Cumhurbaşkanı Erdoğan kabine toplantısı sonrası 'ekonomik kurtuluş savaşı' verildiğini söylemişti. Erdoğan'a yanıt eski çalışma arkadaşı DEVA Partisi Genel Başkanı Ali Babacan'dan geldi. Babacan, "Vahim bir konu daha var. Cumhurbaşkanı, kur artınca istihdamın artacağına dair, kıymeti kendinden menkul bir tez daha ileri sürmüş. Bu ne demek?

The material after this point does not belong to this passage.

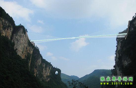 張家界大峽谷籌建的玻璃橋,位於湖南省的張家界大峽谷景區(qū)栗樹埡和吳王坡區(qū)域內,由設計上海世博會以色列館的世界著名設計師Haim Dotan設計,是世界上最高、跨度最長的玻璃橋。大橋建在大峽谷兩側的絕壁峰頂之上,橫跨整個大峽谷,橋拱距谷底的相對高度約400米,橋寬3.2米,橋長約370米,橋面全部采用透明玻璃鋪設,整個工程無鋼筋及混凝土墩支撐,為全玻璃架構,斜拉索[2]則計劃采用目前世界最新型的復合材料,橋中心設有全球最高蹦極臺。站在橋上,腳下400米處的谷底全景盡收眼中。

Döviz kurunun artmasıyla, şu an zaten aylık 250 doların altına düşmüş olan asgari ücreti daha da düşürerek iş gücünü ucuzlatmak demek" dedi.

Google Haberlere Abone ol
Ali Babacan gece yarısı videosu ile Erdoğan'a yanıt verdi: Ekonomik Kurtuluş Savaşı falan yok

Cumhurbaşkanı ve AK Parti Genel Başkanı Recep Tayyip Erdoğan'ın Bakanlar Kurulu toplantısı sonrasında yaptığı açıklamasında, “Ülkemizi bunca tuzaktan, bunca badireden nasıl çıkardıysak, Allah'ın yardımı ve milletimizin desteğiyle bu ekonomik kurtuluş savaşından da zaferle çıkartacağız” ifadelerini kullanmıştı.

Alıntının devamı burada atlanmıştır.